In terms of contemporary social sciences, the word "culturology" is borrowed from American anthropologist Leslie White who defined it as the field of science which studies culture as cultural systems (2)(3). Following White, Mario Bunge defined culturology as the sociological, economic, political and historical study of concrete cultural systems. When synchronic, culturology is said to coincide with the anthropology, sociology, economics and politology of cultures. By contrast, diachronic culturology is a component of history (4). Scientific culturology also differs from traditional “cultural studies” in that the latter are too often the work of idealist literary critics or pseudo-philosophers ignorant of the scientific methodology and incompetent to the study of social facts and concrete social systems.

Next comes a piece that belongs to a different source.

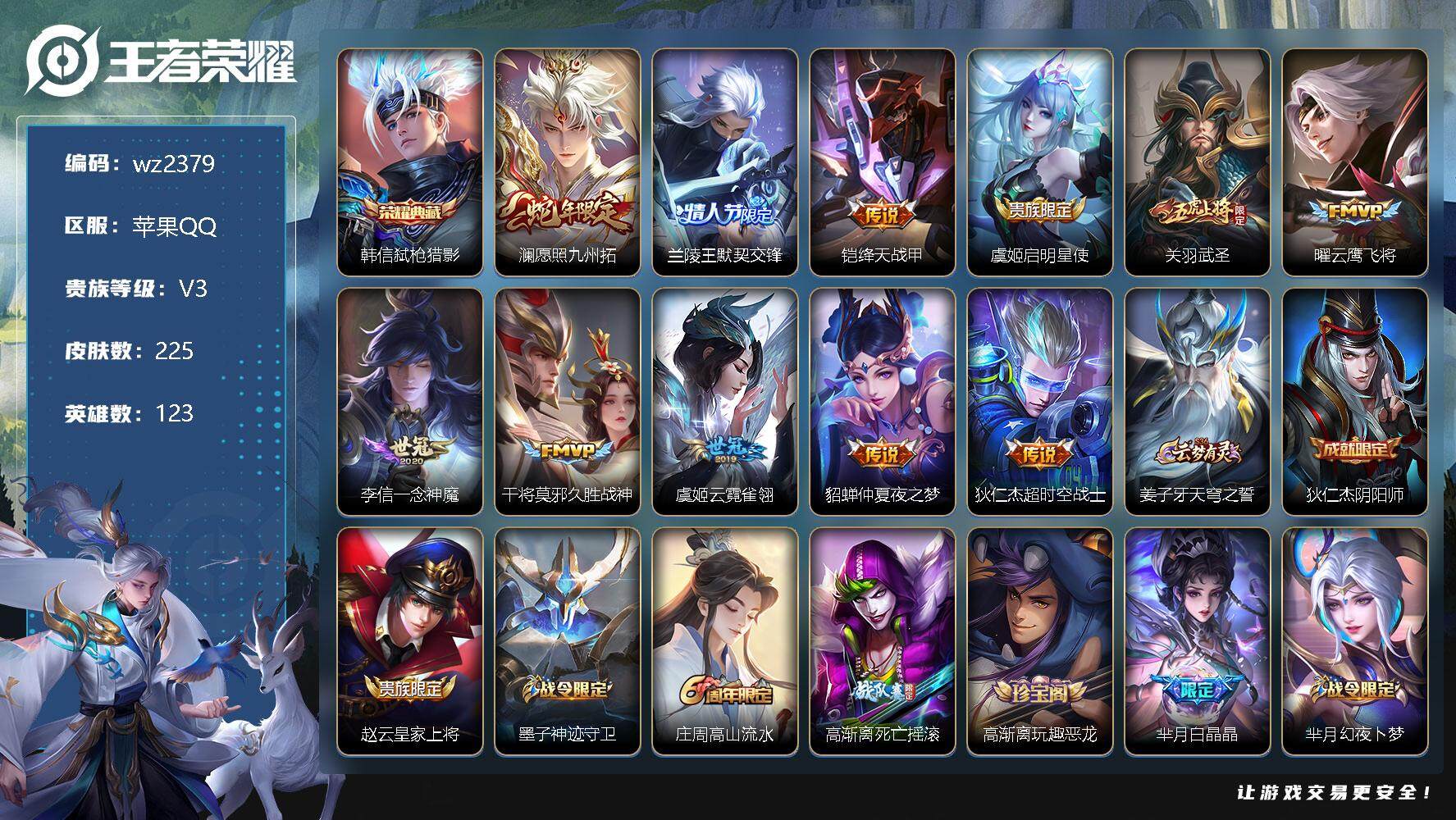 【云游堂】 【可二次实名】【wz2379】苹果Q-V3-尊贵铂金I段位-123英雄-225皮肤-1典藏-0珍品无双-0无双-0珍品传说-11传说-66史诗 【英雄全皮】:蒙恬全皮 【荣耀典藏】:韩信弑枪猎影 【传说皮肤】:澜愿照九州拓,兰陵王默契交锋,铠绛天战甲,虞姬启明星使,关羽武圣,曜云鹰飞将,李信一念神魔,干将莫邪久胜战神,虞姬云霓雀翎,貂蝉仲夏夜之梦,狄仁杰超时空战士 【限定皮肤】:姜子牙天穹之誓,狄仁杰阴阳师,赵云皇家上将,墨子神迹守卫,庄周高山流水,高渐离死亡摇滚,高渐离玩趣恶龙,芈月白晶晶,芈月幻夜卜梦,吕布御风骁将,元歌云间偶戏,元歌无心,甄姬游园惊梦,马可波罗暗影游猎,狄仁杰魔术师,狄仁杰万华元夜,达摩星际陆战队,达摩沙漠行僧,项羽海滩派对,项羽霸王别姬,老夫子醍醐杖,老夫子航海奇遇记,关羽武圣,程咬金演武夺筹,韩信逐梦之影,韩信飞衡,韩信傲雪梅枪,兰陵王默契交锋,兰陵王金庭之子,亚瑟潮玩骑士王,孙悟空孙行者,后羿辉光之辰,后羿圣弓游侠,张飞虎魄,李元芳银河之约,李元芳云中旅人,虞姬启明星使,钟馗驱傩正仪,干将莫邪冰霜恋舞曲,干将莫邪胡桃夹子,干将莫邪真爱魔法,雅典娜单词大作战,雅典娜黎明之约,鬼谷子原初探秘者,黄忠火炮绅士,苏烈千军破阵,百里玄策原初追逐者,百里守约朱雀志,弈星混沌棋,沈梦溪星空之诺,沈梦溪大漠名商,明世隐疑决卦,裴擒虎李小龙,裴擒虎擒涛扼浪,米莱狄胡桃异想国,云中君纤云弄巧,猪八戒西部大镖客,嫦娥拒霜思,蒙犽狂想玩偶喵,鲁班大师探海日志,桑启海盐诗旅,张良古海寻踪,蒙恬荣光圣徽,高渐离燃音魔法,妲己灵卜魔法,鬼谷子天穹祈灯,刘邦剑破天穹,周瑜熔金海岸 【年限皮肤】:百里守约朱雀志,后羿辉光之辰,吕布御风骁将,韩信飞衡,马超神威,关羽武圣,张飞虎魄 【赛季限定】:狄仁杰万华元夜,达摩沙漠行僧,老夫子醍醐杖,程咬金演武夺筹,兰陵王金庭之子,张良古海寻踪,李元芳云中旅人,钟馗驱傩正仪,雅典娜黎明之约,鬼谷子原初探秘者,苏烈千军破阵,百里玄策原初追逐者,弈星混沌棋,沈梦溪大漠名商,明世隐疑决卦,裴擒虎擒涛扼浪,鲁班大师探海日志,桑启海盐诗旅,鬼谷子天穹祈灯,蒙恬荣光圣徽,刘邦剑破天穹,姜子牙天穹之誓 【战令限定】:墨子神迹守卫,芈月幻夜卜梦,元歌云间偶戏,马可波罗暗影游猎,达摩星际陆战队,老夫子航海奇遇记,亚瑟潮玩骑士王,后羿圣弓游侠,李元芳银河之约,干将莫邪真爱魔法,雅典娜单词大作战,黄忠火炮绅士,沈梦溪星空之诺,米莱狄胡桃异想国,猪八戒西部大镖客,蒙犽狂想玩偶喵,高渐离燃音魔法,妲己灵卜魔法 【史诗皮肤】:露娜紫霞仙子,赵云皇家上将,赵云未来纪元,貂蝉圣诞恋歌,甄姬冰雪圆舞曲,王昭君偶像歌手,狄仁杰魔术师,宫本武藏鬼剑武藏,孙尚香水果甜心,妲己女仆咖啡,墨子金属风暴,曹操幽灵船长,李白千年之狐,吕布末日机甲,张飞乱世虎臣,韩信白龙吟,项羽霸王别姬,花木兰水晶猎龙者,刘邦德古拉伯爵,韩信逐梦之影,夏侯惇乘风破浪,小乔缤纷独角兽,诸葛亮黄金分割率,甄姬游园惊梦,安琪拉心灵骇客,后羿辉光之辰,百里守约特工魅影,铠曙光守护者,蔡文姬舞动绿茵,李元芳逐浪之夏,程咬金功夫厨神,白起星夜王子,阿轲节奏热浪,大乔猫狗日记,百里守约朱雀志,干将莫邪冰霜恋舞曲,狄仁杰鹰眼统帅,李元芳银河之约,娜可露露晚萤,韩信飞衡,橘右京修罗,马超神威,孙尚香时之恋人,马可波罗暗影游猎,张飞虎魄,蒙犽狂想玩偶喵,百里玄策原初追逐者,裴擒虎李小龙,云中君纤云弄巧,元歌云间偶戏,芈月白晶晶,吕布御风骁将,米莱狄胡桃异想国,老夫子航海奇遇记,干将莫邪真爱魔法,孙悟空孙行者,庄周高山流水,嫦娥拒霜思,黄忠火炮绅士,雅典娜黎明之约,韩信傲雪梅枪,元歌无心,刘禅电玩爆裂旋风,妲己灵卜魔法,高渐离燃音魔法,蒙恬荣光圣徽,后羿石田雨龙 【其他皮肤】:项羽海滩派对,韩信教廷特使,韩信街头霸王,达摩大发明家,赵云忍炎影,芈月红桃皇后,扁鹊化身博士,扁鹊救世之瞳,宫本武藏未来纪元,姜子牙时尚教父,典韦黄金武士,达摩拳王,花木兰兔女郎,张飞五福同心,甄姬花好人间,刘备万事如意,宫本武藏万象初新,狄仁杰阴阳师,刘备纽约教父,高渐离死亡摇滚,刘备汉昭烈帝,关羽龙腾万里,钟无艳海滩丽影,宫本武藏霸王丸,王昭君幻想奇妙夜,狂铁命运角斗场,老夫子功夫老勺,孙尚香沉稳之力,诸葛亮掌控之力,李白敏锐之力,鬼谷子幻乐之宴,苏烈坚韧之力,明世隐虹云星官,庄周奇妙博物学,小乔丁香结,吕布野性能量,高渐离玩趣恶龙,沈梦溪鲨炮海盗猫,沈梦溪星空之诺,弈星混沌棋,哪吒次元突破,鲁班七号黑桃队长,明世隐疑决卦,盾山圆桌骑士,老夫子醍醐杖,猪八戒西部大镖客,狂铁特工战影,廉颇无尽征程,鬼谷子原初探秘者,雅典娜单词大作战,狄仁杰万华元夜,亚瑟潮玩骑士王,刘禅秘密基地,杨戬次元傲视,露娜瓷语鉴心,达摩星际陆

Bunge’s systemic and materialist approach to the study of culture has given birth to a variety of new fields of research in the social sciences. Fabrice Rivault, for instance, was the first scholar to propose "international political culturology" as a subfield of international relations in order to understand the global cultural system, as well as its numerous subsystems, and explain how cultural variables interact with politics and economics to impact on world affairs (5). This scientific approach differs radically from culturalism, constructivism and cultural postmodernism in that it is based on logics, empiricism, systemism and emergent materialism. While a similar approach ought to be adopted in the emerging fields of political culturology or cultural economics, Rivault’s work is presently been used by scholars around the world to study cultural factors in international relations (6)(7).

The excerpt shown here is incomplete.